The name of the sultan is written out in the bottom section, called a sere. Depending on the period, this name can be as simple as Orhan, son of Osman, in the first tughra in 1326. In later periods honorifics and prayers are also added to the name of the tughra holder and his father.

The loops to the left of the tughra are called beyze, from Arabic meaning egg. Some interpretations of tughra design claim that the beyzes are supposed to symbolize the two seas the sultans held sway over: the outer larger loop signifying the Mediterranean and the inner, smaller loop signifying the Black Sea.

The vertical lines on the top of the tughra are called tuğ, or flagstaff. The three tugs signify independence. The S-shaped lines crossing the tugs are called zülfe and they, together with the tops of the tugs that also look to the right, signify that the winds blow from the east to the west, the traditional movement of the Ottomans.

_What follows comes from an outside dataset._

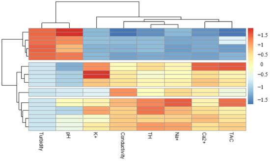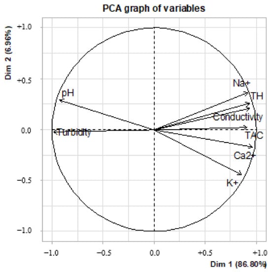 The physicochemical parameters measured took into account the main parameters of sanitary impact and acceptability of drinking water. These included turbidity, pH, conductivity, temperature, alkalimetric title (AT), complete alkalimetric title (CAT), hydrometric title (HT), calcium and magnesium hardness (TCa2+, TMg2+) as well as the content of certain minerals such as sodium and potassium. Turbidity was measured using the nephelometric method by a WTW Turb 550 IR turbidimeter in accordance with the French standard NF ISO 7027 (2000). The results were expressed in nephelometric turbidity units (NTU).

The lines to the right of the tughra are called hançer and signify a sword, symbol of power and might.

Tughras of the Ottoman sultans

Other tughras 
Although the tughra is largely identified with the Ottoman Sultans, they have also sometimes been used in other states, such as the Qajar dynasty, Safavid Empire and the Khanate of Kazan. Later, tughras were used among the Tatars of Imperial Russia.

The Mughal Emperors are also known to have used calligraphic symbols, alongside the Ottomans, the Mughal "Tughra" was circular in shape with three points at its tip, beside the calligraphic signature of the emperor.

Afghan currency notes from 1919 to 1936 had the tughra present as well. Pakistan had the tughra on it coins from 1947 till 1974; both of these are present in the State Bank Museum in Karachi. The nawab of Bahawalpur and the Nizam of Hyderabad had tugras on their coinage as well. The flowing lines could symbolize the wide reach of Suleyman's rule and his future conquests. It could also signify the spread of Islam to other realms beyond the Ottoman Empire.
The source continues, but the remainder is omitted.